Anyone know if it has any deep meaning?


I really wanted to click on it, which was very frustrating.

Usually when there's a new logo you can click on it and instantly find out why it's there.


That Google engineers are bored?


That they have a new toy to play with. It looks to me like the part of the Arcade Fire video where the birds are flying away from your mouse cursor.


I don't like their links fading-in (I could click faster on, say, language tools if I had not to wait). Now they make my browser choke (firefox on netbook, cpu in powersave).


any way to direct-link to it? I think it might not show up for non-US locations. certainly nothing to see on google.co.jp


http://www.google.com/ncr should take you to google.com rather than a local search such as google.co.uk. However, I still don't see anything with Chrome or Firefox when trying this.


Tried to think of a way before I posted it but couldn't come up with anything.

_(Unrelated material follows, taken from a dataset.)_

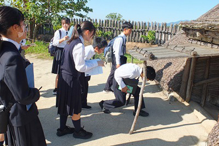 九州国立博物館ではさまざまな時代の収蔵品が展示されていますが、授業で学習した弥生時代・古墳時代を中心に見学しました。土器や農具など、実物を見ることで教科書だけでは分からない学びを得ました。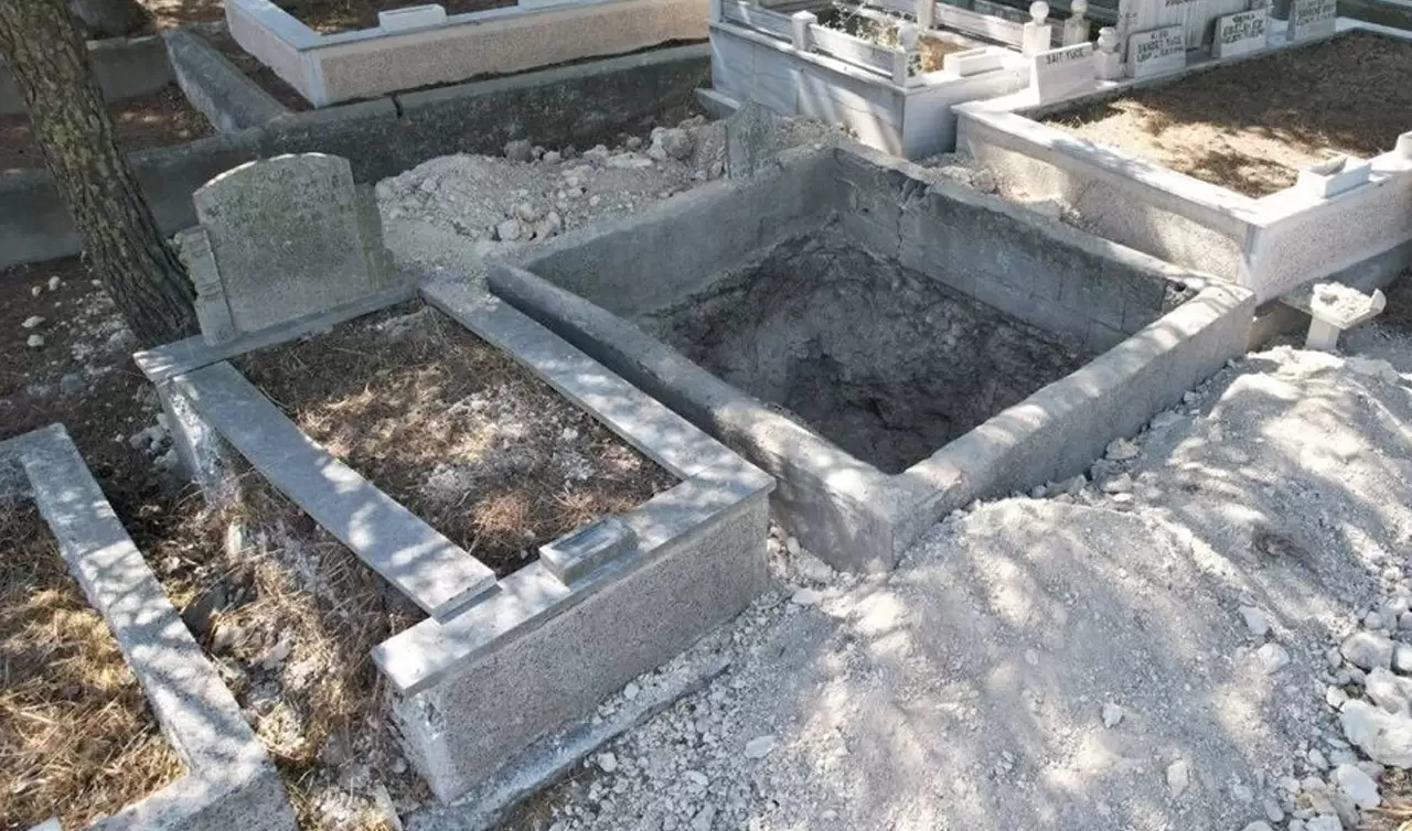 Mezarlığa dua etmek için gelenler açılmış mezarı görünce şoke uğradı.

I would happily change the URL if somebody knows how to direct link.


As somebody above says, http://www.google.co.uk works :)


hmm.. a clever trick for non-chrome users to realize how slow the javascript in their browser is?


If we're playing that game, I suspect the reason it doesn't show up in Opera is that Opera's JS engine is faster. ;-)


I've been developing a Javascript intensive bookmarklet for the past month or so. It works on FF, Chrome, Safari, even IE6. But on Opera, I cannot figure out why it behaves so glitchy. Sometimes it works, sometimes it doesn't, but it never, ever shows me any errors. Maybe this has to do with the fact that it caches things even when you tell it not to. In addition to that, AFAIK there's no way to deselect text (without breaking other things), which makes developing drag and drop pretty much impossible on it. It's "developer tools" show you a big list of "errors" which are mostly it knit-picking various CSS properties things that it doesn't support, like rounded corners for example.

Perhaps I'm wrong. Maybe my code is getting run perfectly, but it's just happening so blazingly fast that it doesn't affect anything at all. In which case, I'd still give Opera the big "fuck you" that I'm feeling after writing this.

But hey, when you open a new tab it animates.


I've also found that Opera is annoying about caching stuff that it thinks is local (192.168.. or file:///). It aggressively caches, and is reluctant to reload, certain pages on our Django site on our local dev machines - but the problem doesn't repro on production. I don't know if it's a bug, or a setting I can turn off, but if I work it out I'll let you know.


> that it doesn't support, like rounded corners for example.

Maybe you should use the current version for your tests, which supports rounded corners.


I am. Or at least the update checker says I am. I'm running windows if that matters.


rubypay's link above works, and pretty fast...

http://www.rubypay.com/google/Google.htm


Another good reason to use Opera - that it doesn't show up in Opera, I mean :)


Looks really good on my Webkit nightly builds, but I'm sure some of the "stable" browser builds are less than ideal.


I'm running vanilla Safari, and it loaded fine.


works for me in firefox 3.6.8


Works great in Firefox 4.



fun game: try to see how many particles you can trap in a corner while the rest of the logo stabilizes. I can get two easily and have almost gotten three.


I see it in Firefox but not in Chrome from some reason...


Working for me. Running 7.0.514.0 canary build.


very cool love it, html5 I assume?


Best Google Doodle of all time?


What's really cool is that when you move the browser window around, the particles move accordingly.


I really hope this is part of a campaign to kill off IE6.